Have you experienced a similar issue recently? We found that you had the same warnings at #2421, which resulted in introducing the decode() at the JobWrapper.


Additional information on MySQLdb version:

>>> MySQLdb.version_info
(2, 0, 3, 'final', 0)
fstagni commented 8 months ago

Thank you for the info. This actually happens also in LHCb production instance (also v8.0.x):

2024-02-23 08:48:08 UTC None/[849602392]JobWrapper INFO: Site has the following local SEs: Glasgow-DST, Glasgow_MC-DST
2024-02-23 08:48:08 UTC None/[849602392]JobWrapper WARN: This should never happen
2024-02-23 08:48:08 UTC None/[849602392]JobWrapper WARN: Optimizer information could not be converted to a dictionary will call catalog directly

The good news is that it is not dangerous.

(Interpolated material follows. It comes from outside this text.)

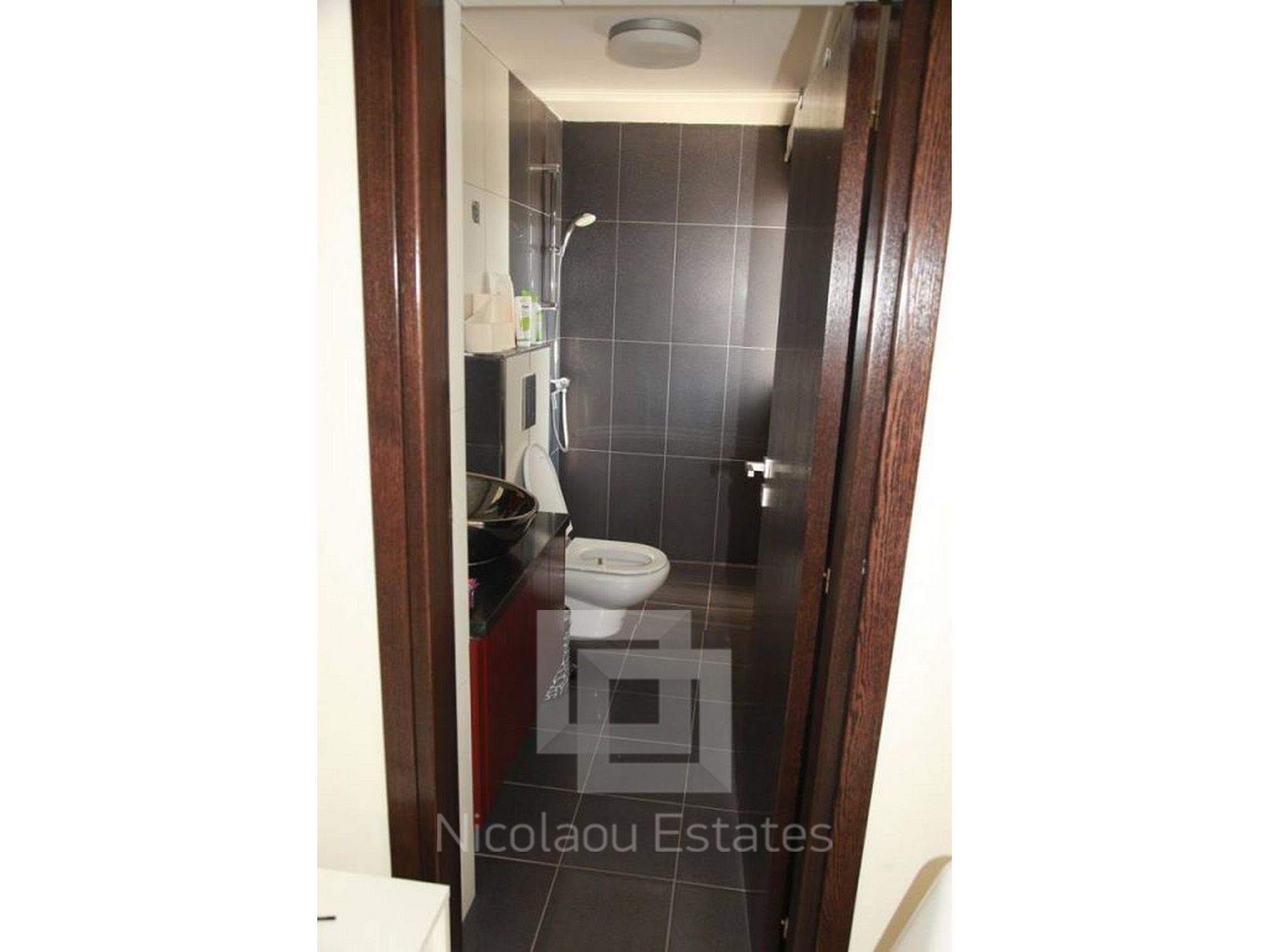 A bathroom & additional room is on the first floor. It can be used as a service room, bedroom or office.

I suspect an encode is needed at some point, we had in more recent past a bunch of cases like this, some fixed e.g. in https://github.com/DIRACGrid/DIRAC/pull/5854

Maybe simply this line in JobWrapper:

optDict, _length = DEncode.decode(self.optArgs["InputData"])

should become

optDict, _length = DEncode.decode(self.optArgs["InputData"].encode())
michmx commented 8 months ago

@fstagni Thanks a lot for the check and the confirmation that also happens on LHCb.

We have not been able to test the addition of .encode() yet as we got distracted with another problem, but after testing we will report the outcome.